• [WHAT THE EXERCISE ASKS] Everything in the listing should be set down exactly, apart from the pictures.

• [SUPPLIED DATA]
**********
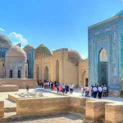 Petit-déjeuner. Départ pour Samarcande. En cours de route la visite du minaret de Vabkent datant du XII ème siècle et la Medersa d’Oulougbek XV ème siècle à Guijdouvan. En chemin, vous visiterez l’atelier du plus célèbre céramiste qui vous accueillera dans sa maison, à Guijdouvan. Visite de Sardoba (construction d’eau) et les ruines de karavanserai Raboti Malik du XIIème siècle. Arrivée à Samarcande. Installation à l’hôtel. Déjeuner. Début de la visite. Samarcande a conservé ses coupoles vernissées, ses murs aux couleurs vives et ses mausolées qui constituent autant de joyaux de l’architecture d’Asie Centrale. Découverte du Gour Emir, tombeau du Tamerlan. Dîner. Nuit à l’hôtel.
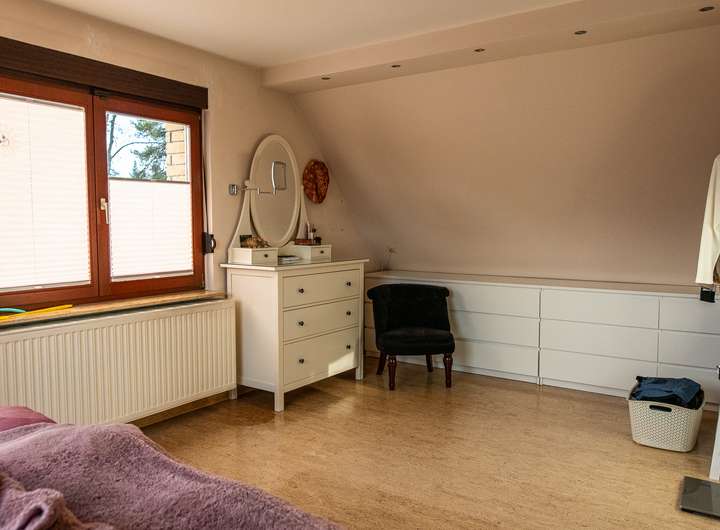 - EG, KG und Bad OG gefliest, OG teils Kork teils Holzfußboden
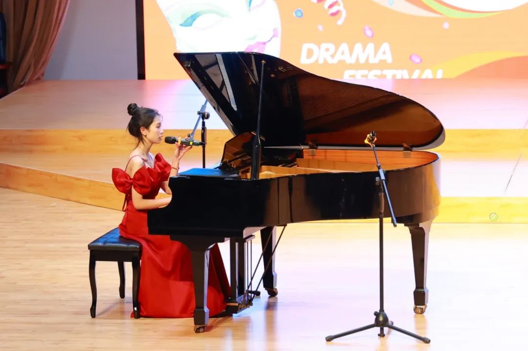 高二8班张怡川同学以一曲钢琴曲目《我将永远爱你》为大赛拉开了序幕。她的演奏如潺潺流水,让听众如沐春风,不仅展示了其精湛的技艺,更传递了深深的情感,为现场观众带来了一场视听盛宴。
**********
• [RESPONSE FOR THIS EXERCISE]
 Petit-déjeuner. Départ pour Samarcande. En cours de route la visite du minaret de Vabkent datant du XII ème siècle et la Medersa d’Oulougbek XV ème siècle à Guijdouvan. En chemin, vous visiterez l’atelier du plus célèbre céramiste qui vous accueillera dans sa maison, à Guijdouvan. Visite de Sardoba (construction d’eau) et les ruines de karavanserai Raboti Malik du XIIème siècle. Arrivée à Samarcande. Installation à l’hôtel. Déjeuner. Début de la visite. Samarcande a conservé ses coupoles vernissées, ses murs aux couleurs vives et ses mausolées qui constituent autant de joyaux de l’architecture d’Asie Centrale. Découverte du Gour Emir, tombeau du Tamerlan. Dîner. Nuit à l’hôtel.
 - EG, KG und Bad OG gefliest, OG teils Kork teils Holzfußboden
 高二8班张怡川同学以一曲钢琴曲目《我将永远爱你》为大赛拉开了序幕。她的演奏如潺潺流水,让听众如沐春风,不仅展示了其精湛的技艺,更传递了深深的情感,为现场观众带来了一场视听盛宴。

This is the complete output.